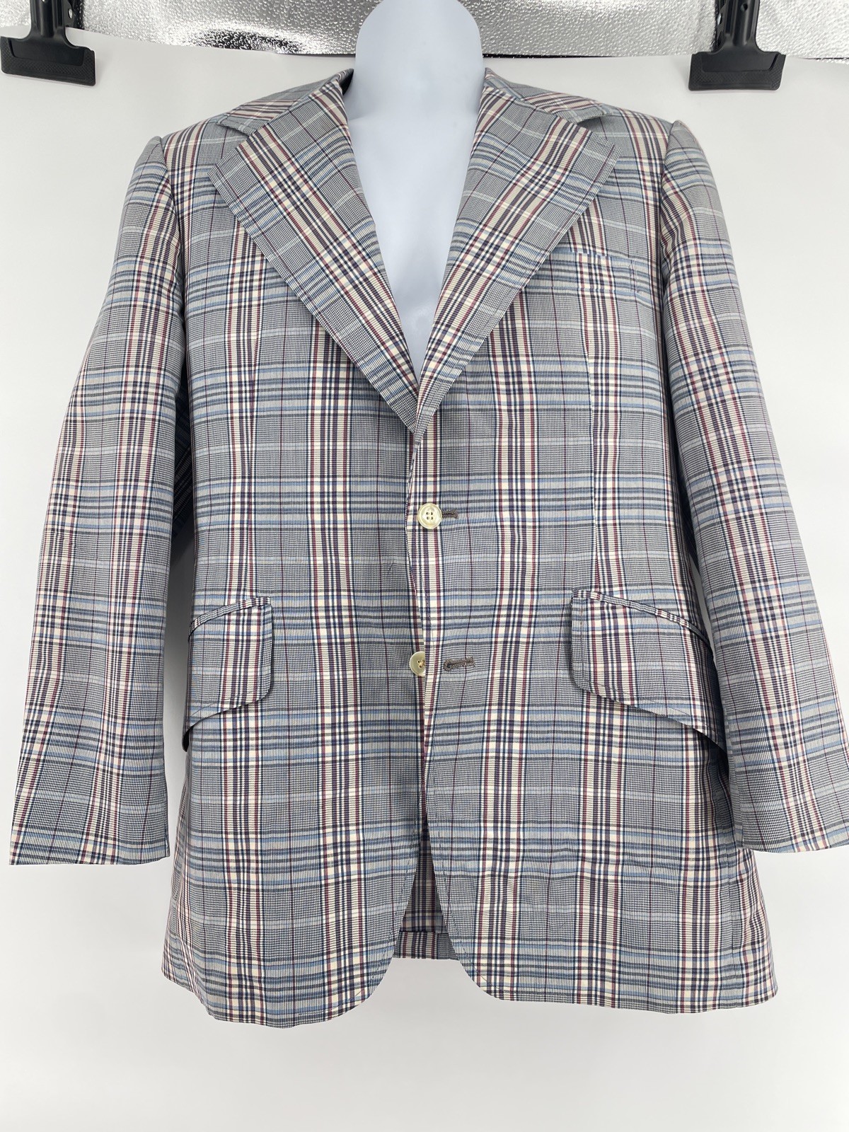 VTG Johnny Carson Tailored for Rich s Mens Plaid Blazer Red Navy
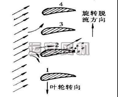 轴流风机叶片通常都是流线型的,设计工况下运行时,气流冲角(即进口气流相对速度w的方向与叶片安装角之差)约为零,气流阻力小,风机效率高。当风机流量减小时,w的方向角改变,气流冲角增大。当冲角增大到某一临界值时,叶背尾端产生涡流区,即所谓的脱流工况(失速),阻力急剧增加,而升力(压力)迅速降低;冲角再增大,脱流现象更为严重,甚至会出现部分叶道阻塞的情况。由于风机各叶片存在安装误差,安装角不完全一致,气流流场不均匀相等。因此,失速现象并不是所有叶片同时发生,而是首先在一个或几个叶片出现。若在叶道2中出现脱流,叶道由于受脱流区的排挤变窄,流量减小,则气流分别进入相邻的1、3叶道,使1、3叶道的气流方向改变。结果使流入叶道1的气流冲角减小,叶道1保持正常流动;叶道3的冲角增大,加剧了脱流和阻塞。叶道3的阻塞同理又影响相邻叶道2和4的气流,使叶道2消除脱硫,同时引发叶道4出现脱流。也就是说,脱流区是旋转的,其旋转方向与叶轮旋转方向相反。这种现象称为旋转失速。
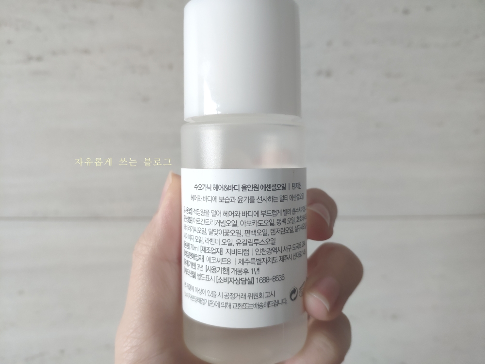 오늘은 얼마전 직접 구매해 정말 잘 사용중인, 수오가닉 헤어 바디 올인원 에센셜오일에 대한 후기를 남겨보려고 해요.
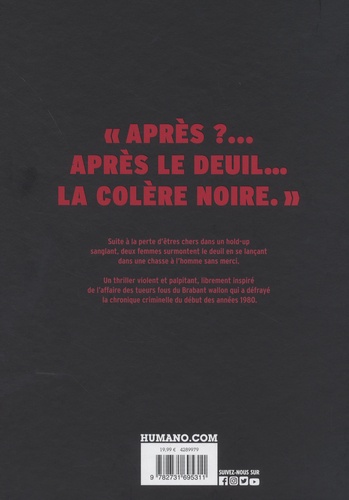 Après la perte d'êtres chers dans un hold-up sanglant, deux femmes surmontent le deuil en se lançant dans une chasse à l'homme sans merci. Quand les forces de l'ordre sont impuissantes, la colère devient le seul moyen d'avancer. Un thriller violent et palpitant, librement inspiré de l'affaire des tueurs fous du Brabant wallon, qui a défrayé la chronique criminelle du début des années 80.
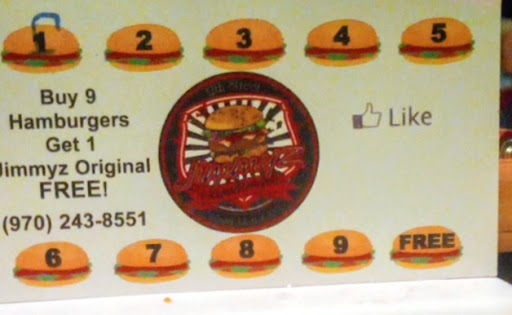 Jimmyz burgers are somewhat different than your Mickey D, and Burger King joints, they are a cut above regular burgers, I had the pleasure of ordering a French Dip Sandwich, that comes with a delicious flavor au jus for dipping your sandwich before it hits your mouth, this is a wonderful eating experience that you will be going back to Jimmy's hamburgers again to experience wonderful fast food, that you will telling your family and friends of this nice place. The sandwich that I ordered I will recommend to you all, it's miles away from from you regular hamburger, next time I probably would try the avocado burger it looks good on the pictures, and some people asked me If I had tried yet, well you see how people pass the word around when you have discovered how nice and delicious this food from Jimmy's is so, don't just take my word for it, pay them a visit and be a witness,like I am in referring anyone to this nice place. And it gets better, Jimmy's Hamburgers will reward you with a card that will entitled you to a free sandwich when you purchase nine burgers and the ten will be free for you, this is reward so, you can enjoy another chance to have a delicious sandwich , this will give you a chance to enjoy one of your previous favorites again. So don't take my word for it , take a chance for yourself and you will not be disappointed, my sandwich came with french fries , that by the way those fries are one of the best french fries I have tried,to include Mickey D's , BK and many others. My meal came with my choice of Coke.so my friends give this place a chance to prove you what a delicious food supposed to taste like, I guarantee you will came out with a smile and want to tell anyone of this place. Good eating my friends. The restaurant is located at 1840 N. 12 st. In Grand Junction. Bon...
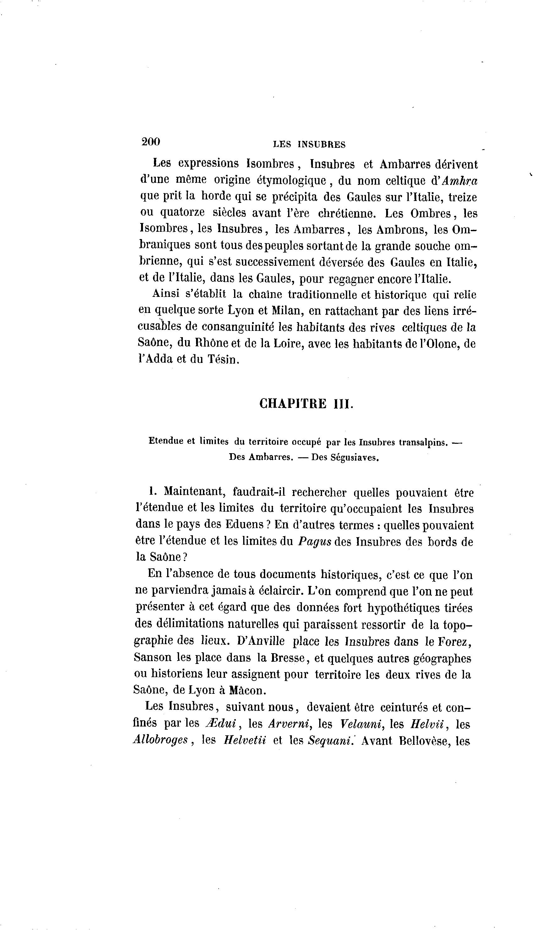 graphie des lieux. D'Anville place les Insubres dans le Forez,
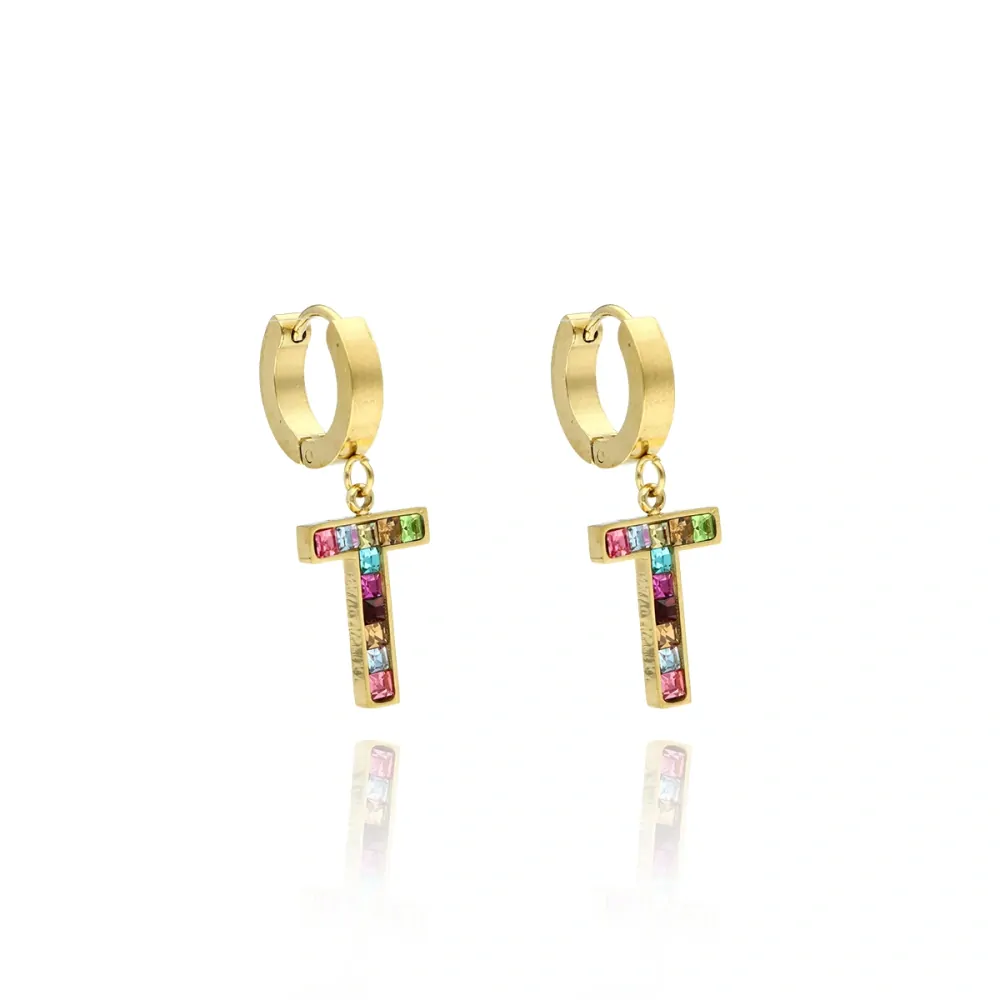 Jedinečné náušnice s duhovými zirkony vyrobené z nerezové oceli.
____________________
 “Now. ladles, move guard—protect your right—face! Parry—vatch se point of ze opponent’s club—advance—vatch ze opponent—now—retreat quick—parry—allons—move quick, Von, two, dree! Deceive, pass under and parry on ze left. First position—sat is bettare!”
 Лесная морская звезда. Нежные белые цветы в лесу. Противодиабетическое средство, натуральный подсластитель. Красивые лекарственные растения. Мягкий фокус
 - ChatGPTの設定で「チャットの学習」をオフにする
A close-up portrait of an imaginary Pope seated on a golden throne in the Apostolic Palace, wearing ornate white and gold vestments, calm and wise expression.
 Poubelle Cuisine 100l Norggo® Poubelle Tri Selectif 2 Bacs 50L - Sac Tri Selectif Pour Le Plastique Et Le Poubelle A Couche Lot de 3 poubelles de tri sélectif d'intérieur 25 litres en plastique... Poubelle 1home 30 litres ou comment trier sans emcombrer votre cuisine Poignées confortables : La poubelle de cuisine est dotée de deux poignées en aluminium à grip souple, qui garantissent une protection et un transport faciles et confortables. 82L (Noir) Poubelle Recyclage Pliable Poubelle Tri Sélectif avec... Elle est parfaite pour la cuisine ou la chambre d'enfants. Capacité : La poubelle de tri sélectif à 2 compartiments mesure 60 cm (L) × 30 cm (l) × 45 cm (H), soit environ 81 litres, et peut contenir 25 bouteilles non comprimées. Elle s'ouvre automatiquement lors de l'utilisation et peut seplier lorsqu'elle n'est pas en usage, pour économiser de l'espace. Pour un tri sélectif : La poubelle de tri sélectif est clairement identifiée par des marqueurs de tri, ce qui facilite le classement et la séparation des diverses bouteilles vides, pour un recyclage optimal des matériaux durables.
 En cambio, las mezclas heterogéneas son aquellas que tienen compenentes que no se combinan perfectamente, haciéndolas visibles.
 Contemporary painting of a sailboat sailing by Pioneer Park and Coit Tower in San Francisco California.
____________________
**Assignment**
Your answer must be the lines above from the one holding "VTG Johnny Carson" up to and including the one holding "Après la perte", exact and with no pictures.

**Solution to the exercise**
 VTG Johnny Carson Tailored for Rich s Mens Plaid Blazer Red Navy
 轴流风机叶片通常都是流线型的,设计工况下运行时,气流冲角(即进口气流相对速度w的方向与叶片安装角之差)约为零,气流阻力小,风机效率高。当风机流量减小时,w的方向角改变,气流冲角增大。当冲角增大到某一临界值时,叶背尾端产生涡流区,即所谓的脱流工况(失速),阻力急剧增加,而升力(压力)迅速降低;冲角再增大,脱流现象更为严重,甚至会出现部分叶道阻塞的情况。由于风机各叶片存在安装误差,安装角不完全一致,气流流场不均匀相等。因此,失速现象并不是所有叶片同时发生,而是首先在一个或几个叶片出现。若在叶道2中出现脱流,叶道由于受脱流区的排挤变窄,流量减小,则气流分别进入相邻的1、3叶道,使1、3叶道的气流方向改变。结果使流入叶道1的气流冲角减小,叶道1保持正常流动;叶道3的冲角增大,加剧了脱流和阻塞。叶道3的阻塞同理又影响相邻叶道2和4的气流,使叶道2消除脱硫,同时引发叶道4出现脱流。也就是说,脱流区是旋转的,其旋转方向与叶轮旋转方向相反。这种现象称为旋转失速。
 오늘은 얼마전 직접 구매해 정말 잘 사용중인, 수오가닉 헤어 바디 올인원 에센셜오일에 대한 후기를 남겨보려고 해요.
 Après la perte d'êtres chers dans un hold-up sanglant, deux femmes surmontent le deuil en se lançant dans une chasse à l'homme sans merci. Quand les forces de l'ordre sont impuissantes, la colère devient le seul moyen d'avancer. Un thriller violent et palpitant, librement inspiré de l'affaire des tueurs fous du Brabant wallon, qui a défrayé la chronique criminelle du début des années 80.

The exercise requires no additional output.